A three-judge panel for the Ninth Circuit Court of Appeals made it clear that regulators need to show evidence, and not solely a theory, that a tie-up will cause real harm to competition.
They ruled that the FTC failed to show that Microsoft would withhold from rivals Activision’s widely popular video game “Call of Duty,” nor that the tie-up would reduce competition in cloud gaming.
“Given the FTC’s failure to make an adequate showing as to its likelihood of success on the merits as to any of its theories, the district court properly denied the FTC’s motion for a preliminary injunction on that basis,” Circuit Judge Daniel P. Collins wrote in a 40-page decision.
The unanimous decision pushes back on a wide antitrust enforcement net cast by the Trump and Biden administrations to rein in Big Tech, even as federal prosecutors continue antitrust litigation against Google (GOOG, GOOGL), Apple (APPL), and Meta (META).
The government has been successful in arguing that Google illegally monopolized the general search engine market and used illegal tactics to block competition in markets where online advertisements are bought and sold.
The Trump administration is currently asking judges to approve a breakup of Google’s empire to remedy the monopoly behavior.
Microsoft closed on its deal to acquire Activision, the largest game publisher in North America, in October 2023 after a California federal district court declined to grant the FTC a temporary injunction to halt the deal.
In addition to the hit “Call of Duty” franchise, the company also offers “World of Warcraft,” “Diablo,” and “Overwatch.” The firm also owns mobile game publisher King, the company behind “Candy Crush.”

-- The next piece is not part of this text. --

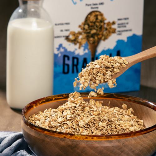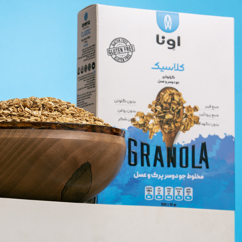 گرانولای جودوسر و عسل صبحانه و میان وعدهای سرشار از انرژی برای روزهای پر از جنبوجوش است. طعم هیجانانگیز گرانولا آن را تبدیل به یکی از اصلیترین خوراکیهای هر خانواده میکند. این خوراکی مغذی دارای طعمی لذیذ است و افراد زیادی طرفدار این ترکیب از گرانولا هستند. این محصول شامل جو دوسر و عسل پخته شده است که قابل استفاده سریع میباشد. این محصول را میتوانید با انواع مغزیجات یا میوه های خشک یا میوه های تازه و یا شیر یا ماست یا بستنی بسته به سلیقه و زمان مصرف ترکیب و نوش جان نمایید. این میان وعده خوشطعم حاوی مواد مغذی و مورد نیاز بدن در طول روز است. مصرف این گرانولا میتواند باعث کاهش روند پیری، جلوگیری از سرطان و بیماریهای قلبی، کاهش کلسترول خون، کاهش سطح قند خون و تقویت عضلات و استخوانها شود. ارزش غذایی یک وعده 35 گرمی این محصول شامل 120 کیلوکالری انرژی، 4.5 گرم فیبر، 3.3 گرم پروتئین، 23 گرم کربوهیدرات، 1.4 گرم بتاگلوکان و 1.7 گرم چربی است. چه افرادی میتوانند از گرانولا مصرف کنند؟ کودکان، بزرگسالان و حتی افراد سالمند نیز میتوانند از گرانولا مصرف کنند. کودکانی که عادات غذایی سالم یا میل به صبحانه ندارند این ماده غذایی برای آنها بسیار خوشمزه است و تمایل به میل صبحانه را در بین این کودکان افزایش میدهد. فیبر بالای این محصول نیز مانع گرسنگی در کوتاهمدت میشود و از این رو برای افرادی که در طی روز وقت زیادی برای خوردن غذا ندارند یا در حال تلاش برای کاهش وزن هستند میان وعده بسیار مناسبی است. ورزشکاران نیز میتوانند برای به دست آوردن انرژی کافی از این خوراکی هیجانانگیز در روزهای تمرین استفاده کنند. این محصول فاقد گلوتن است. این ماده غذایی سرشار از انرژی را میتوان در وعده صبحانه، میان وعده و حتی بهعنوان جایگزین در وعده شام نیز میل کرد. گرانولای کلاسیک اونا را به تنهایی به عنوان تنقلاتی سالم و یا به همراه شیر و تکههای میوه یا مغزیجات و آجیل و یا بعنوان تاپینگ بستنی، انواع سالادها و حتی ماست نیز میتوان نوش جان کرد. استفاده از این محصول در کشورهای پیشرفته دنیا جزء لاینفک زنجیرهی غذایی میباشد، برای مثال 40 درصد صبحانه مردم آلمان غلات صبحانه میباشد.

Adding those franchises to Microsoft’s existing titles, including “Halo” and “Forza,” catapulted Microsoft past Nintendo (NTDOY) to make the company the second-largest home console maker by revenue behind Sony (SONY).
It also put Microsoft behind Tencent and Sony as the third-largest gaming company by global revenue.
The FTC re-upped a challenge to the merger in a lawsuit filed in the agency’s in-house court, despite the fact that the appellate court denied its request for an injunction to pause the merger.